Step Load Perturbation
On the two-area test system, the proposed FOPI-FOPIDN controllers outperform widely used PID controllers and the cascaded fuzzy PID-fractional-order PID with double derivative filters (FPIDN-FOPIDN) in terms of deviations in all the responses, yielding the best overshoot, undershoot and settling time. The proposed strategy shows a 10.7826% improvement on ICA-tuned FPIDN-FOPIDN, 30.96% on ADIWACO tuned PID, 96.29% on hFA-PS tuned PID, 96.3797% on GWO tuned PID and 99.99% on MBO tuned PID controllers in terms of ITAE values.
On the three-area test system, the proposed LFC strategy gives the least settling time, overshoot and undershoot in the responses of the tie-line power flows and frequencies.

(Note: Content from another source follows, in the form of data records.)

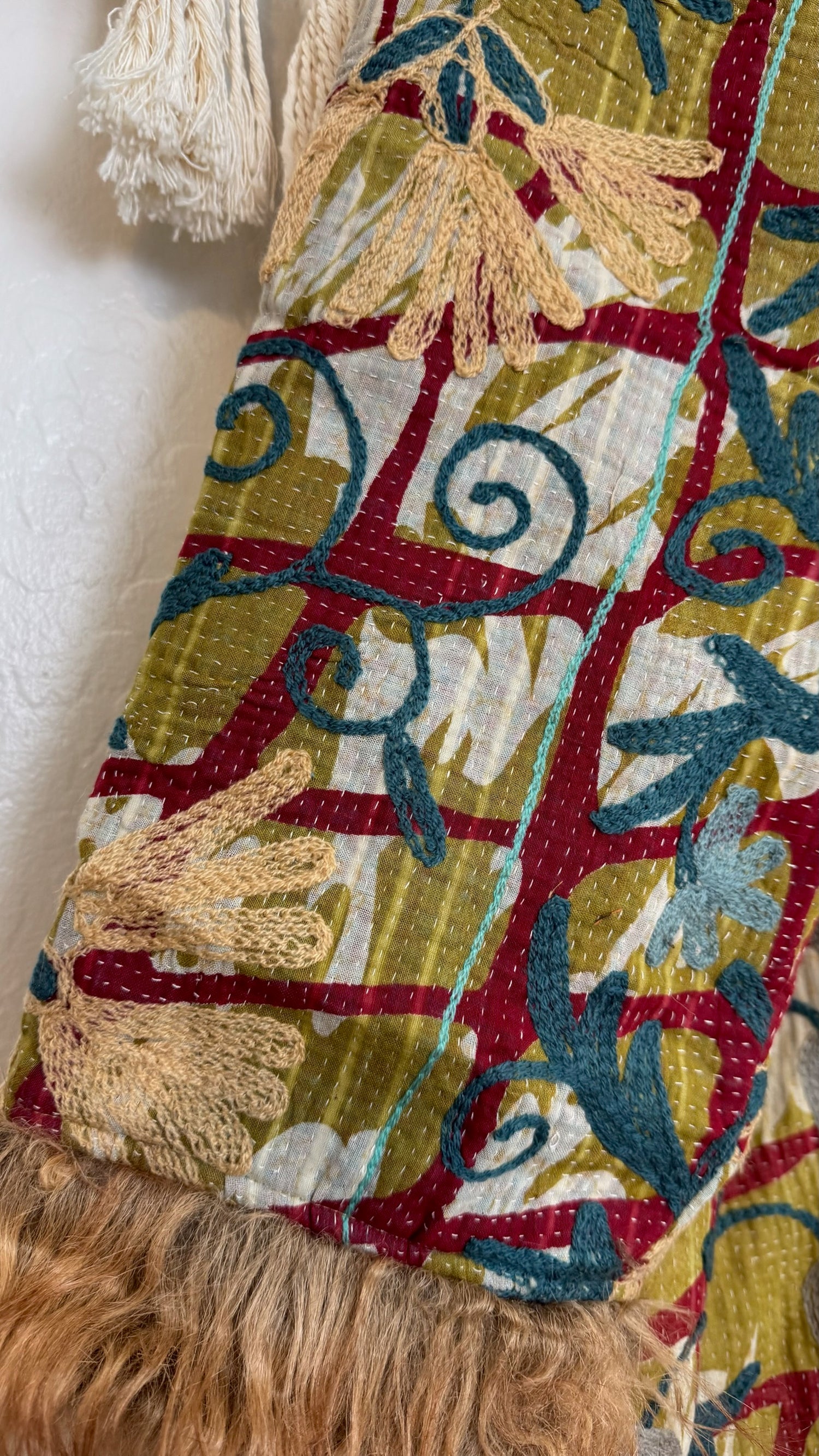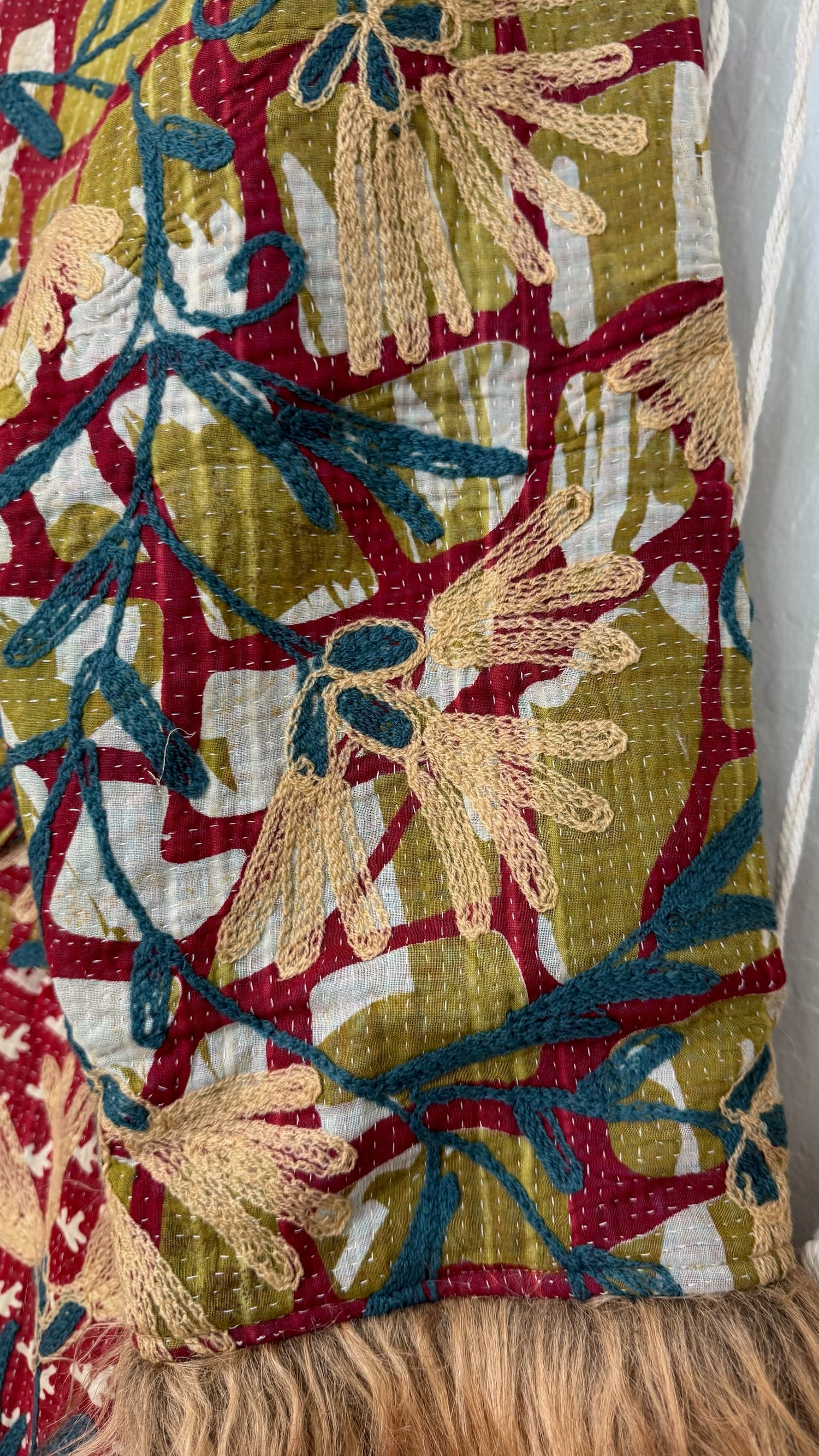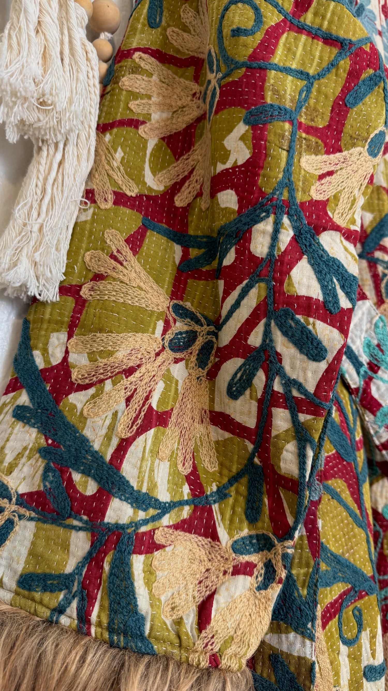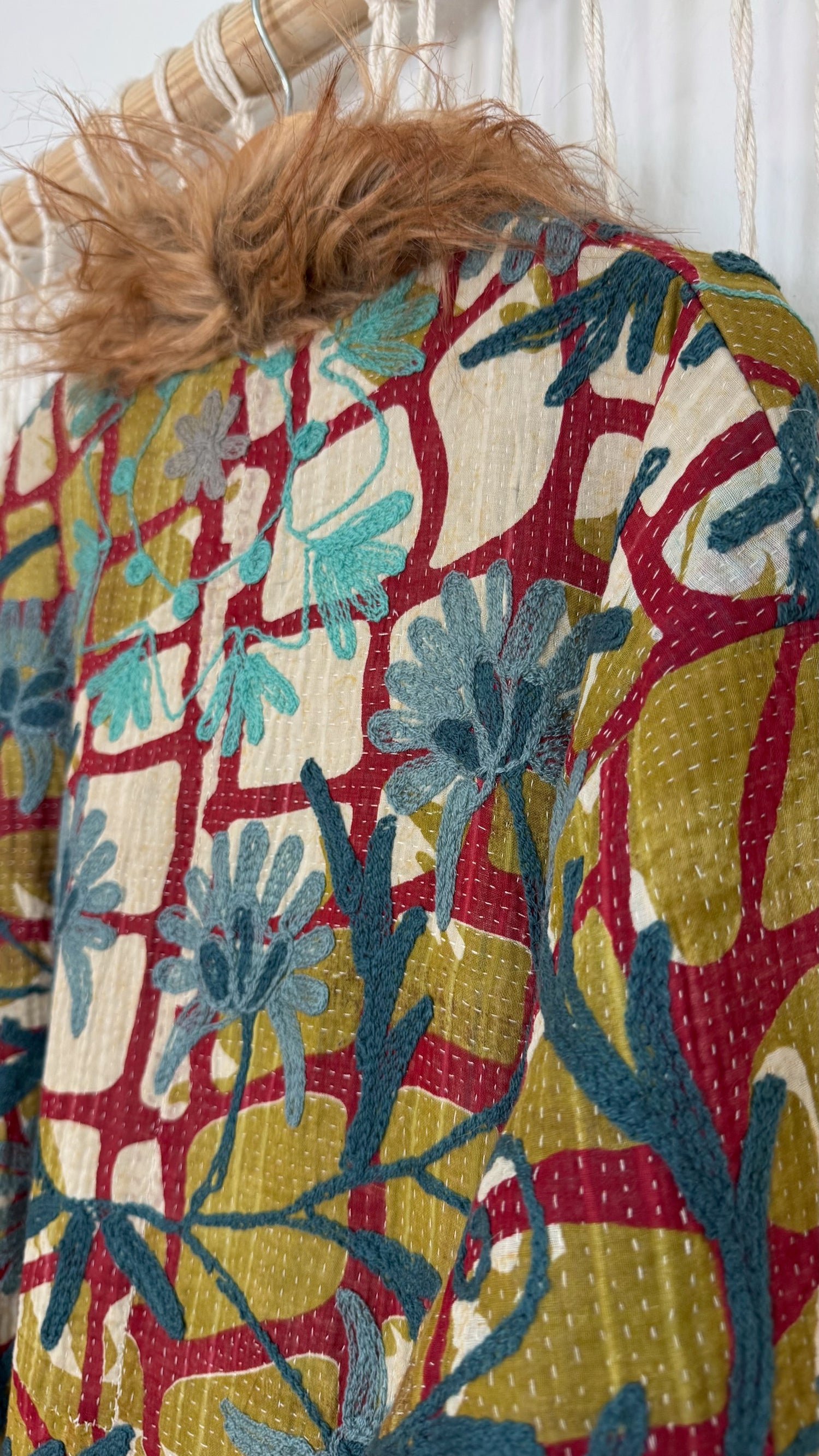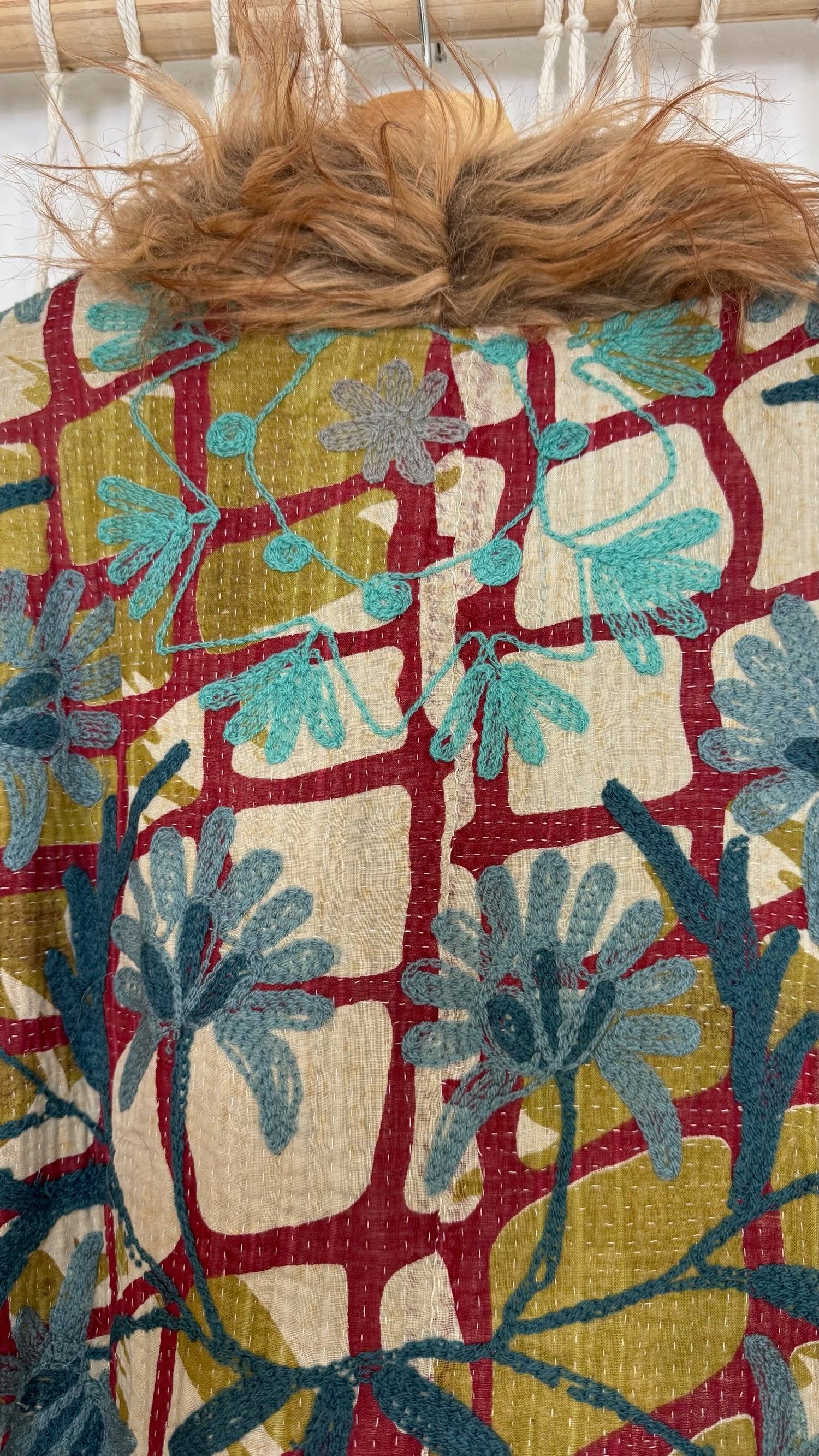 • 100% vintage cotton kantha saris, premium faux fur, and hand block printed cotton lining.
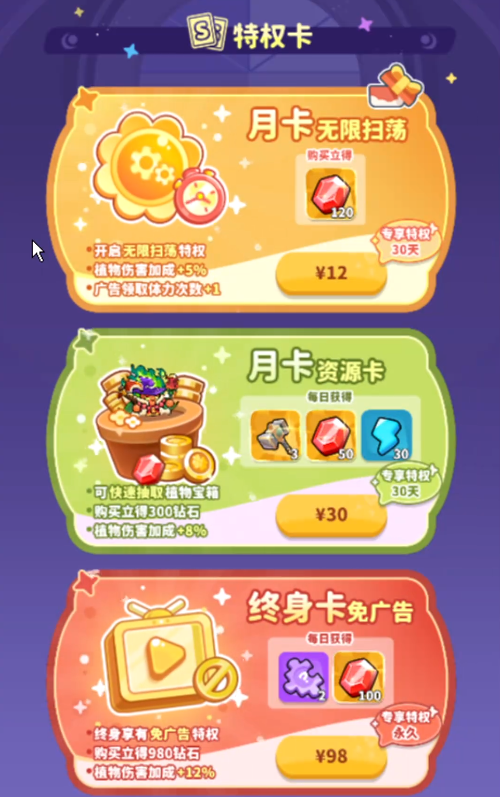 月卡系统是游戏中使用频率最高的付费模块。基础月卡售价12元,生效期30天,权益包含每日无限次关卡扫荡权限、角色伤害加成以及总计120枚宝石;进阶月卡定价30元,同样覆盖30天周期,除更高幅度的战力增益外,还额外开放快速抽取植物宝箱功能,大幅提升稀有单位获取效率。此外,终身免广告服务标价98元,购买后永久屏蔽全部广告干扰,并一次性发放980钻石,同时附带角色伤害提升效果,属长期投入型高性价比选项。
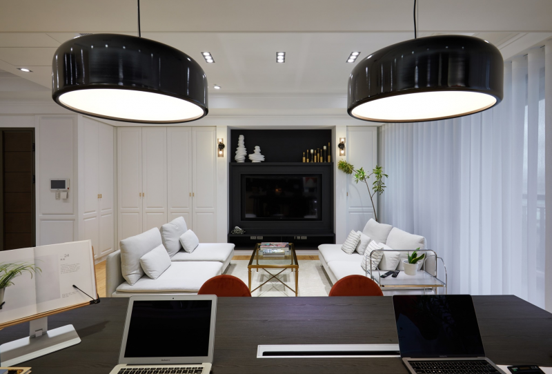 閱讀區與餐廳區採開放式空間,搭配吸睛的吊燈提升設計質感,並突顯了空間層次。
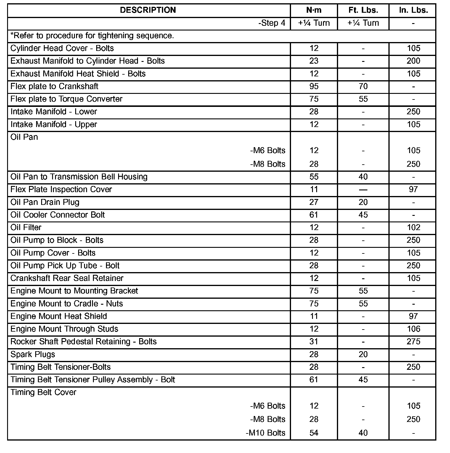 Engine Torque Specifications
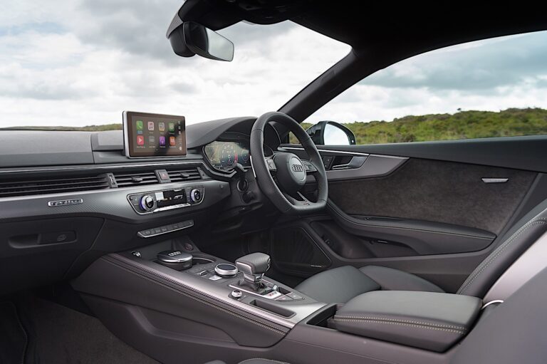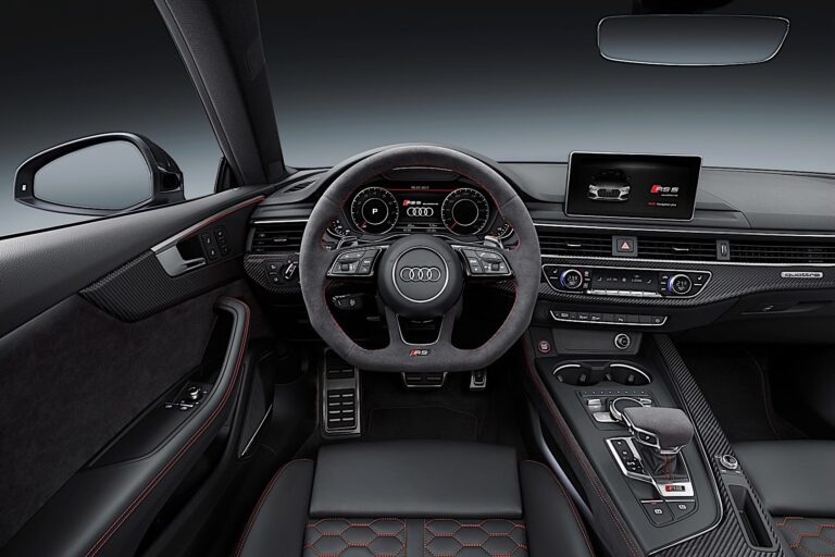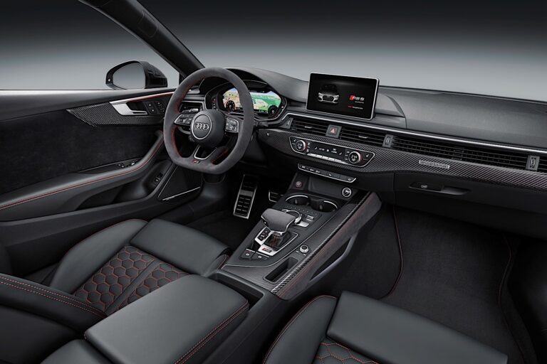 Wnętrze w czerni charakteryzuje się bardzo wysokim standardem i sportowym wyposażeniem. Fotele sportowe RS – dostępne opcjonalnie w finezyjnej skórze Nappa z wzorem plastra miodu – oraz płaskie dno sportowego wielofunkcyjnego koła kierownicy RS podkreślają charakter wysokowydajnego Coupe we wnętrzu. Obwód koła kierownicy zdobi insignia RS, podobnie jak oparcia przednich siedzeń oraz gałka zmiany biegów. Specjalne wyświetlacze RS w wirtualnym kokpicie Audi dostarczają informacji o ciśnieniu w oponach, momencie obrotowym i g-forcach. Wskaźnik zmiany biegów informuje kierowcę o osiągnięciu limitu obrotów. Pakiet designu RS wprowadza sportowy kontrastowy kolor czerwony na konsolę centralną oraz na podłokietniki, pasy bezpieczeństwa i dywaniki z logo RS. Koło kierownicy, dźwignia zmiany biegów i podkładki na kolana są pokryte Alcantarą. Pakiet designu Sonoma green od Audi exclusive wzbogaca wnętrze o odpowiednio dobrane kontrastowe przeszycia – idealnie komponujące się z nowym, ekskluzywnym kolorem nadwozia.

It shows 92.6864% improvement on the ICA tuned FFOPI-FOPID, 99.0593% over the ICA tuned FPIDN-FOPIDN and 99.7628% on ADIWACO tuned PID. The highest improvement, representing 99.9986%, is obtained over that of a recent CSA-tuned FFOPI-FOIDN.
Combined Random Load, PV and Wind Perturbations
The proposed LFC strategy demonstrates the least deviations in all responses and the lowest ITAE value when subjected to severe power disturbances, reaffirming its superior performance and highlighting its potential application to larger interconnected power systems.
System Parameters Variation
The controller is also found to be robust enough to perform just as predicted by the simulation results even if the parameters used for the system model are within ± 50% of the actual power system parameters.
Incorporating Physical Constraints
To test the efficacy of the proposed LFC strategy on a more practical system, the following physical constraints are considered in the models of the test systems:
- Communication Time Delay (CTD): A delay of 10 ms is introduced.
- Generation Rate Constraints (GRC): A value of 10% pu/min is used.
- Governor Dead Band (GDB): A value of 100 mHz is set.
The simulation results show that the proposed LFC strategy clearly outperforms the LFC strategy based on the fuzzy FOPI-FOPID when the controllers are tuned with the constraints included in the test system model. The fuzzy FOPI-FOPID exhibits unstable behavior in both frequency and tie-line power flow responses.
Conclusion
This article presents an LFC strategy based on a cascaded fractional-order proportional integral-fractional-order proportional integral derivative (FOPI-FOPIDN) with a derivative filter. The controller is optimally tuned using the ADIWACO PSO variant.
The robustness and scalability of the proposed LFC strategy are rigorously tested on a two-area test system and a three-area test system using step load perturbation, combined random load, PV, and wind perturbations, as well as system parameter variations. The experimental results obtained are compared with those of recent LFC strategies in the literature, clearly showing the superiority of the proposed LFC strategy.
Furthermore, the proposed control strategy is subjected to more stringent testing by incorporating key physical constraints, namely generator rate constraints, governor dead band, and communication time delays in the test system. The simulation results confirm the robust performance of the proposed LFC strategy under these practical conditions.
Overall, the study shows that the proposed LFC strategy is more effective and robust than the recent comparison strategies and has enormous potential for load frequency control in real-world RES-integrated power systems. The limitation of the proposed method is its reliance on fixed gains, which means it is not an adaptive strategy. Future work should explore ways to enhance the adaptiveness of the proposed method.